▶ YOUR OBJECTIVE: Output all of the records word for word and drop the images.

▶ EXCERPTED DATA:
- Opening Delimiter -

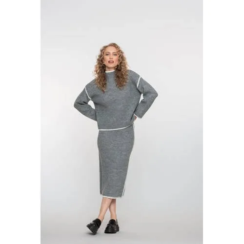 Geisha Skirt Knit Contrast Hem Grey Melange/off-white
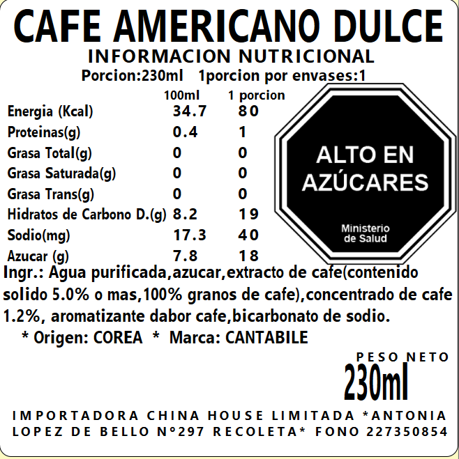 Sachet Cafe Americano Dulce (P) 230ml
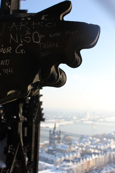 I made this journey to the top of the Kölner Dom with Marina, my Couchsurfing host from Corfu, as well as Julika, a fellow travel blogger/history buff from Sateless Suitcase who is studying to become an art historian. (Might I just add that I will never visit a medieval church sans the company of a well-trained and personable art historian ever again?)
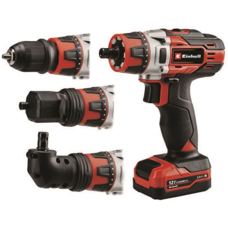 Il trapano a batteria Einhell 12V TE-CD 12/1 3X-LI è un assistente collaudato e robusto quando si avvita e la perforazione in legno e metallo in casa, officina e garage. Grazie alla tecnologia agli ioni di litio, il wireless della batteria è sempre pronto per l'uso - senza auto-scarica. La massima flessibilità quando si lavora consente il mandrino da trapano da 10 mm rimovibile. L'attacco angolare fornito consente alle viti e alla perforazione in luoghi che sarebbero troppo stretti per la vite della batteria. Allo stesso modo, è incluso un accessorio eccentrico, che può anche essere lavorato sui posti di bordo e negli angoli. Il cambio a due velocità conferisce alla forza di trapano e alle dinamiche, per cui l'elettronica della velocità consente il lavoro materiale e applicazione-friendly in ogni situazione. Per portare la luce in spazi di lavoro scuri, il trapano della batteria è dotato di un'illuminazione a LED. Con un design ergonomico e la comprovata softgrip, è stata anche posata
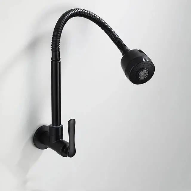 Kitchen Faucet Wall Mounted Single Handle 304 Stainless Steel kitchen Water Taps Cold Water Faucet Black
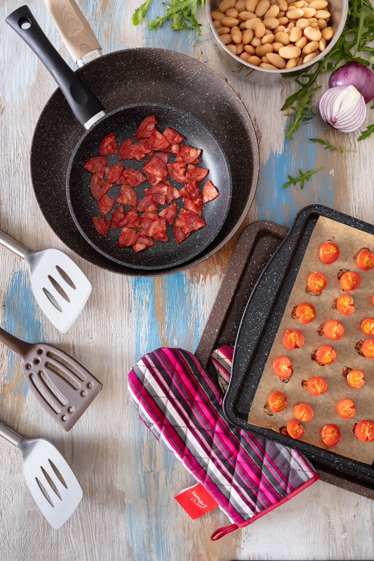Fazole slijeme z konzervy a propláchneme. Na oleji si opečeme chorizo salám překrájený na čtvrtky. Salám vyjmeme a necháme okapat. Na stejném oleji v pánvi opečeme na proužky nakrájenou červenou cibuli, kterou po opečení zakápneme balsamicovým octem a přidáme lžíci medu. Lehce povaříme a osolíme.
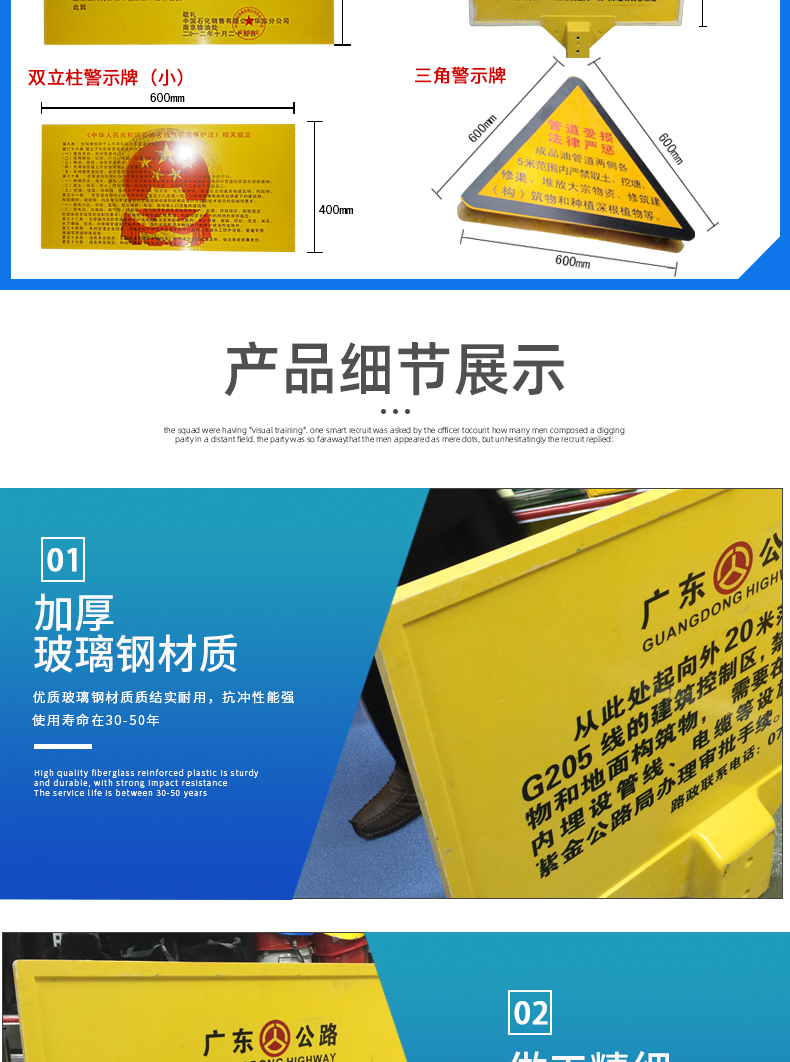 标识警示牌地埋水管光缆电缆通信电力禁止开挖高压危险严禁施工
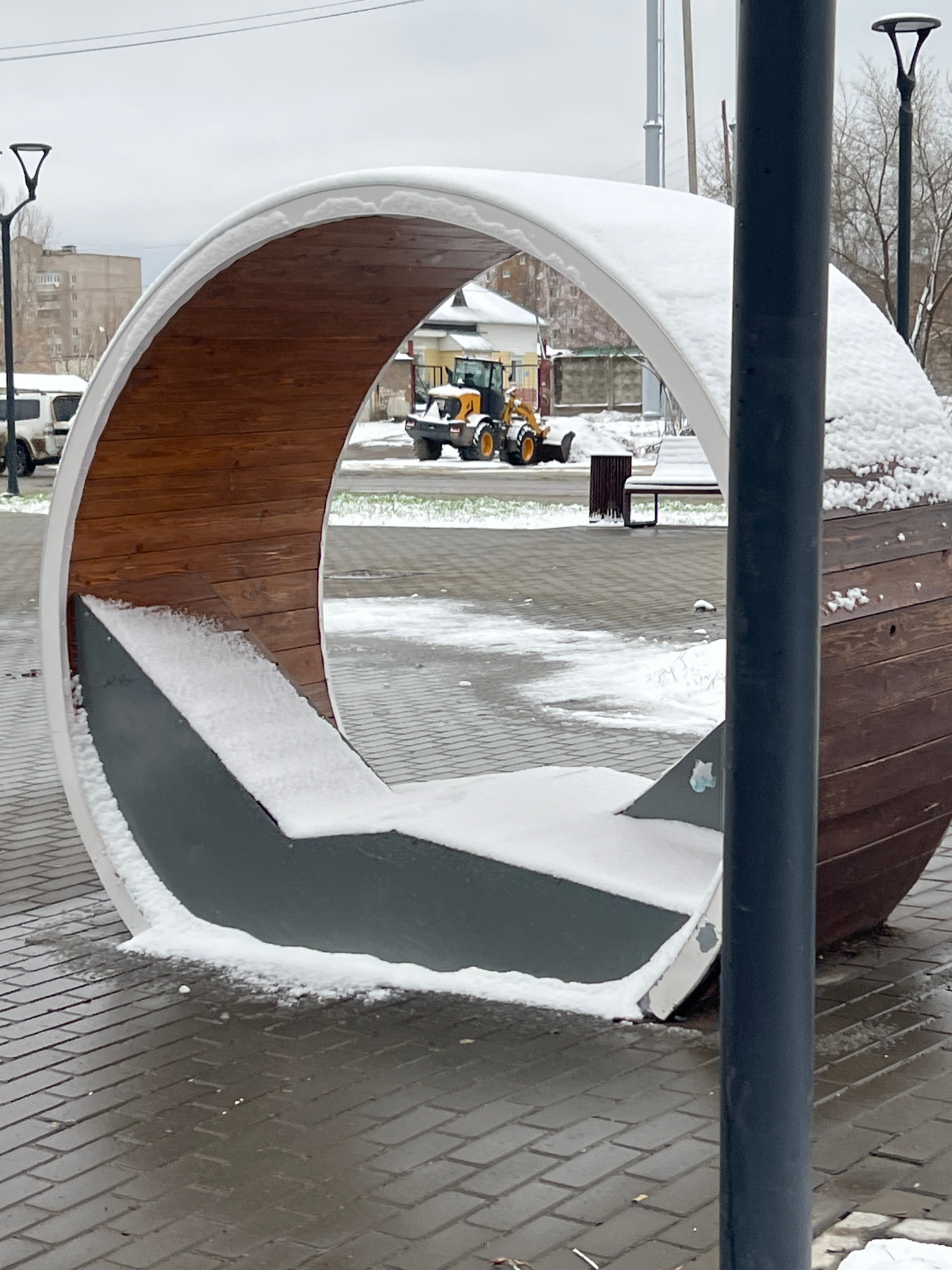 The image shows a circular bench structure in Chaikovsky, Russia, partially covered in snow. The bench is made of wood and gray metal. It is located on a brick-paved surface. Through the bench's openi…read more
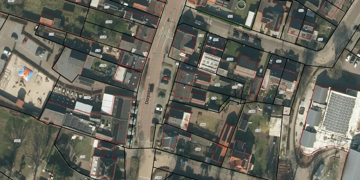 Gebruik de zoekbalk of klik op een perceel voor informatie over de adressen binnen dit perceel.

- Closing Delimiter -

▶ OUTPUT OF THE EXERCISE:
 Geisha Skirt Knit Contrast Hem Grey Melange/off-white
 Sachet Cafe Americano Dulce (P) 230ml
 I made this journey to the top of the Kölner Dom with Marina, my Couchsurfing host from Corfu, as well as Julika, a fellow travel blogger/history buff from Sateless Suitcase who is studying to become an art historian. (Might I just add that I will never visit a medieval church sans the company of a well-trained and personable art historian ever again?)
 Il trapano a batteria Einhell 12V TE-CD 12/1 3X-LI è un assistente collaudato e robusto quando si avvita e la perforazione in legno e metallo in casa, officina e garage. Grazie alla tecnologia agli ioni di litio, il wireless della batteria è sempre pronto per l'uso - senza auto-scarica. La massima flessibilità quando si lavora consente il mandrino da trapano da 10 mm rimovibile. L'attacco angolare fornito consente alle viti e alla perforazione in luoghi che sarebbero troppo stretti per la vite della batteria. Allo stesso modo, è incluso un accessorio eccentrico, che può anche essere lavorato sui posti di bordo e negli angoli. Il cambio a due velocità conferisce alla forza di trapano e alle dinamiche, per cui l'elettronica della velocità consente il lavoro materiale e applicazione-friendly in ogni situazione. Per portare la luce in spazi di lavoro scuri, il trapano della batteria è dotato di un'illuminazione a LED. Con un design ergonomico e la comprovata softgrip, è stata anche posata
 Kitchen Faucet Wall Mounted Single Handle 304 Stainless Steel kitchen Water Taps Cold Water Faucet Black
Fazole slijeme z konzervy a propláchneme. Na oleji si opečeme chorizo salám překrájený na čtvrtky. Salám vyjmeme a necháme okapat. Na stejném oleji v pánvi opečeme na proužky nakrájenou červenou cibuli, kterou po opečení zakápneme balsamicovým octem a přidáme lžíci medu. Lehce povaříme a osolíme.
 标识警示牌地埋水管光缆电缆通信电力禁止开挖高压危险严禁施工
 The image shows a circular bench structure in Chaikovsky, Russia, partially covered in snow. The bench is made of wood and gray metal. It is located on a brick-paved surface. Through the bench's openi…read more
 Gebruik de zoekbalk of klik op een perceel voor informatie over de adressen binnen dit perceel.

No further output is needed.